Finished Harry Potter and the Half Blood Prince
Earlier in the week I relieved our babysitter as I returned from my last Information Architecture class, and I found her teary-eyed over her own copy of Harry Potter and the Half Blood Prince. She wiped her eyes and explained that she had cried over the death of Sirius Black in the last novel. At this point I was now certain about two things: someone important was going to die in the book near the end, and that our baby-sitter is more emotionally involved in the stories than myself. The death of Sirius Black in the last novel seemed a very matter-of-fact ending, since while Rowling is a master of narrative structure and form, in the end any character other than the protagonist Harry, is pretty thin.

And that's exactly what I find to be the case with the latest Harry Potter novel. While Harry's character has certainly evolved, I can't say the same for the characters he has grown up with.

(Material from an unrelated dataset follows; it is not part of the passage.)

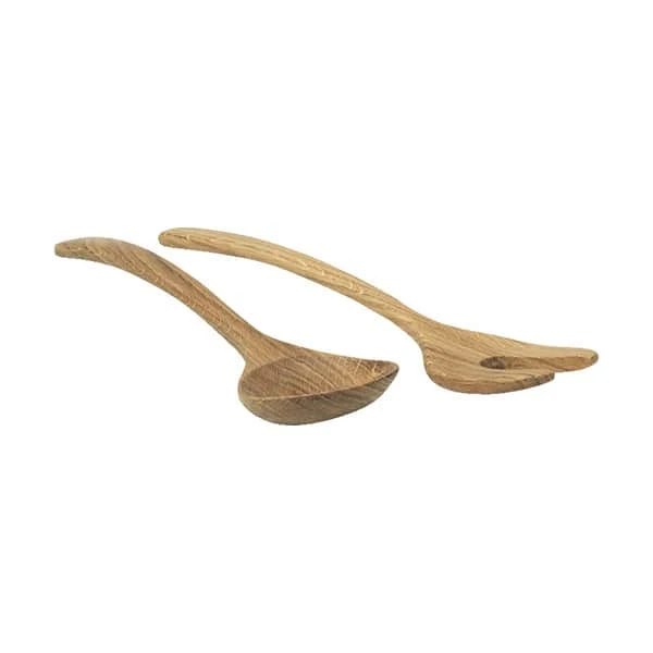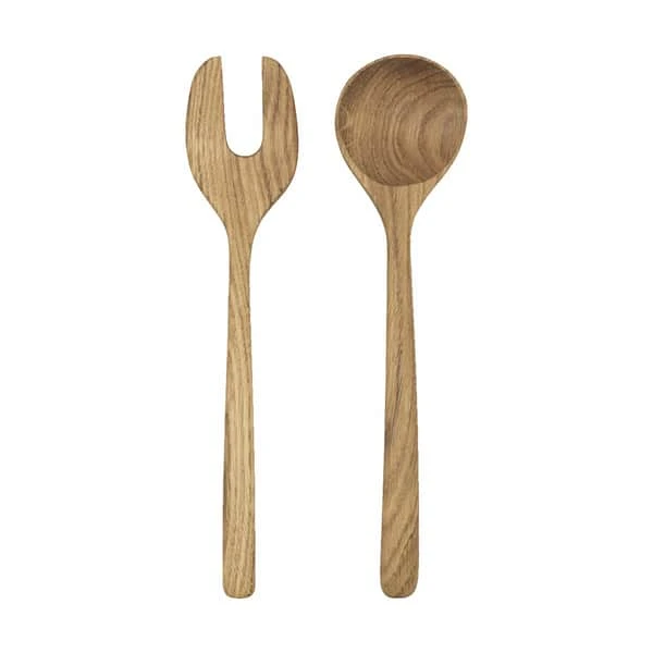 Inviter naturen til bords med salatbestikket fra Kay Bojesens Menageri-serie. Serveringssættet er udformet i egetræ og med sans for det ædle håndværk. Træet er et organisk materiale, og Ikke to sæt er ens. Kombiner sættet med andre naturnuancer på bordet eller bryd en stringent borddækning med et organisk look.

Despite the dust-up between them in the book, even Hermione and Ron seem little changed since their debut in the first novel. The story is compelling, but the structural artifice of the narrative moves the characters around on the stage that is Hogwarts without delving further into the characters. Instead we get endless harping by Harry about how so-and-so is bad and is up to something, and when he turns out to be right, there are no unexpected twists to the tale. Unless you call the death of Dumbledore unexpected, which, given the series' propensity to rob Harry of Father figures at every turn (first his real father, then his Godfather Sirius who must first go into hiding and then dies, and now Dumbledore) was predictable given the particular focus on him in this book.

So I didn't cry at the death of Dumbledore. In the end it was just flat words on a page for me, just another character removed from the stage out of structural necessity for the series to move forward.

More than anything I was hoping for something to surprise me in this latest installment. In the end it was a fun story, well-written and taught but ultimately thin, and holding no real surprises.